Liputan6.com, Jakarta DPRD DKI tengah membahas penetapan kenaikan tunjangan pimpinan dan anggotanya, yang membuat mereka menerima Rp 80 juta per bulan. Rencana penambahan tunjangan ini pun menuai kontroversi.
Peneliti Forum Masyarakat Peduli Parlemen Indonesia (Formappi) Lucius Karus mengatakan, kenaikan tunjangan idealnya merupakan bentuk apresiasi terhadap kinerja DPRD DKI. Namun saat ini belumlah tepat.

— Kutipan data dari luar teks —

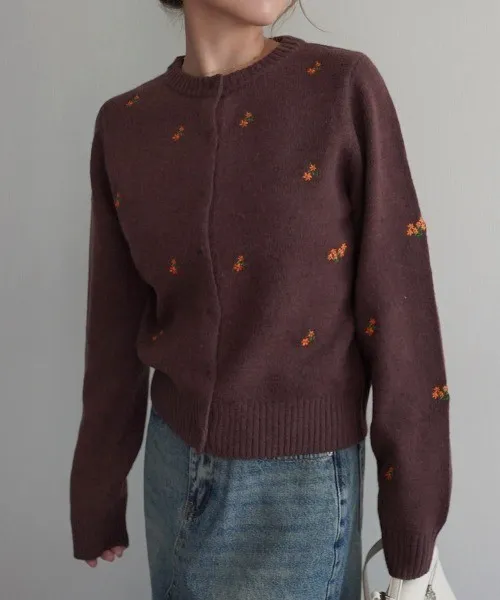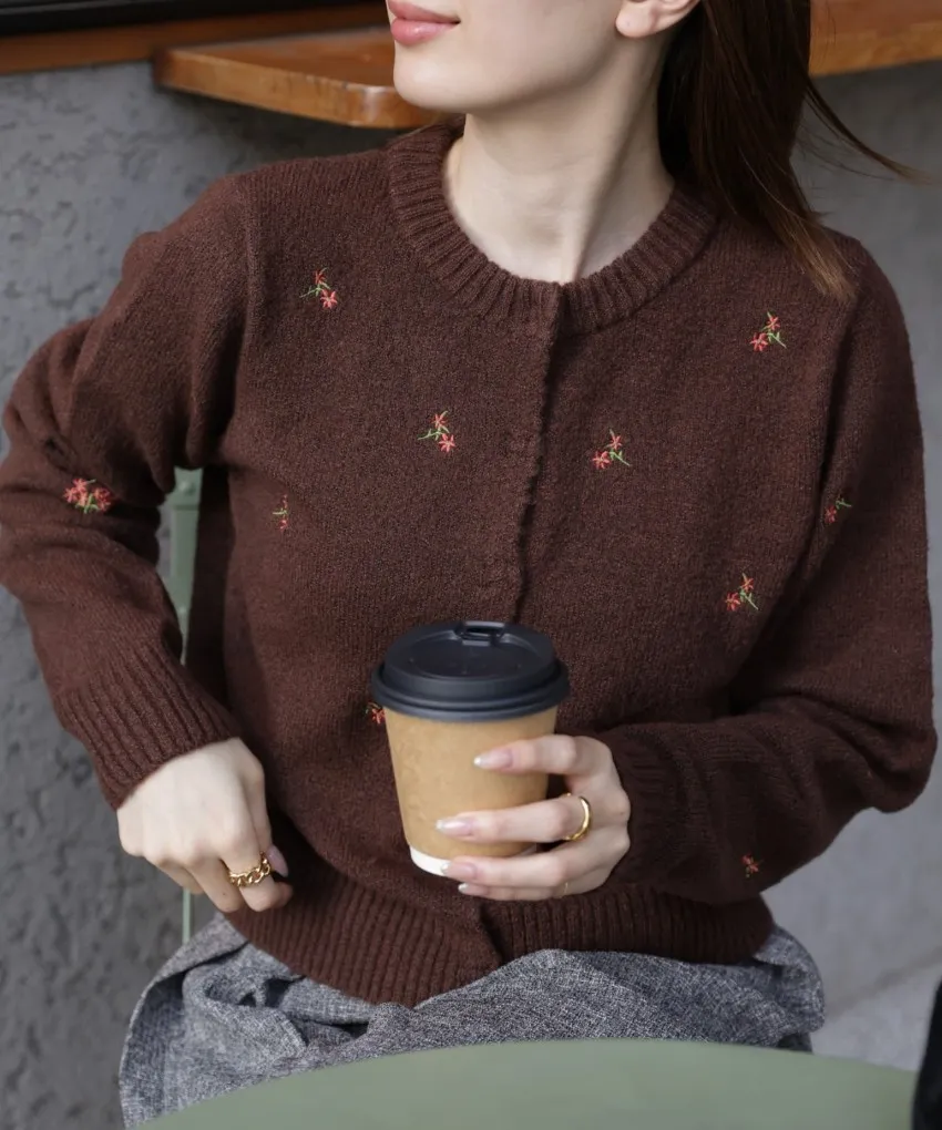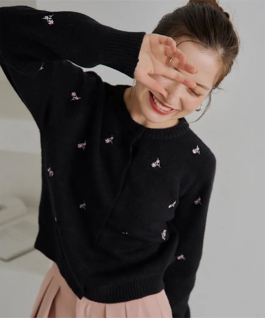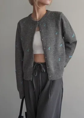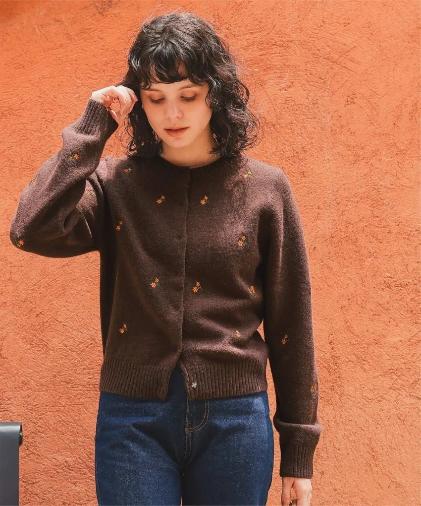 精緻可愛的小花刺繡針織外套

"Kenaikan tunjangan DPRD ini diambil pada saat DPRD sendiri tak bisa membuktikan kerja mereka untuk kepentingan rakyat. Hanya karena mereka kompak mengeluh, pemerintah merespons dengan mengeluarkan PP 18/2017," ucap Lucius kepada Liputan6.com, Selasa (11/7/2017).
Advertisement
"Padahal kita tahu politikus di era pragmatis kita saat ini, pasti akan selalu mengeluh berkekurangan. Karena mereka mengandalkan uang dan bukan kinerja, agar mendapatkan simpati dari rakyat," dia melanjutkan.

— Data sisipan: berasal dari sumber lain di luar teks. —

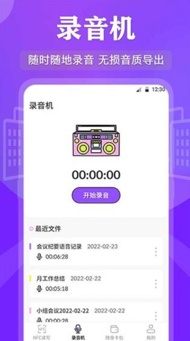 NFC读写app下载是一款功能丰富的nfc读写器软件,一般称为nfc管家app,它可以帮助用户实现读写复卡功能,这里包含了读卡、写卡、格式化、门禁卡、公交卡和银行卡等多种功能,可以满足不同用户的使用需求,还可以针对不会使用的人群设置了软件教程,软件还可以为用户提供录音机功能,帮助客户记录各种有用的事务,方便以后调用,即使出门不带钱包也不用担心,一部手机就可以解决你的各种问题,没带门禁也可以随意开门,如果你也喜欢这款软件,软件站现有最新版本,那就快来下载吧。
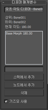 - 다른 오브젝트를 이 각도의 모프 대상으로 사용합니다. 이 옵션은 일반적인 모프 대상과 유사하지만 필드에서 발생하지 않고 관절 각도에서 발생합니다.

Menurut Lucius, sama sekali tak ada jaminan bahwa kenaikan anggaran akan membantu meningkatkan kinerja DPRD. Masalah selama ini bukan melulu karena terbatasnya anggaran, tetapi karena mental anggota dewan yang malas hingga membuat kinerja mereka selalu rendah.
"Jadi urgensi yang dijadikan alasan bagi kenaikan tunjangan, yakni untuk meningkatkan kinerja sama sekali mengada-ada. Tak ada bukti bahwa dalam kondisi anggaran yang memadai, DPRD akan lebih digdaya dalam bekerja. Kan penyusunan Perda tak pernah kekurangan anggaran, lalu kenapa Perda yang dihasilkan terbatas?" dia menanyakan.
Jadi, kata Lucius, alih-alih membantu mendorong perbaikan kinerja DPRD DKI, kebijakan penambahan tunjangan ini malah bisa merusak kinerja anggota dewan.
"Dengan semakin banyaknya uang yang diterima, anggota DPRD merasa tak ada tantangan. Mereka bisa seenaknya bekerja. Apalagi di PP juga sudah diberi kelonggaran dalam hal pertanggung jawaban. Jadi uang ini benar-benar dana segar yang bisa dipakai untuk apa saja, termasuk untuk urusan yang sangat personal," Lucius menandaskan.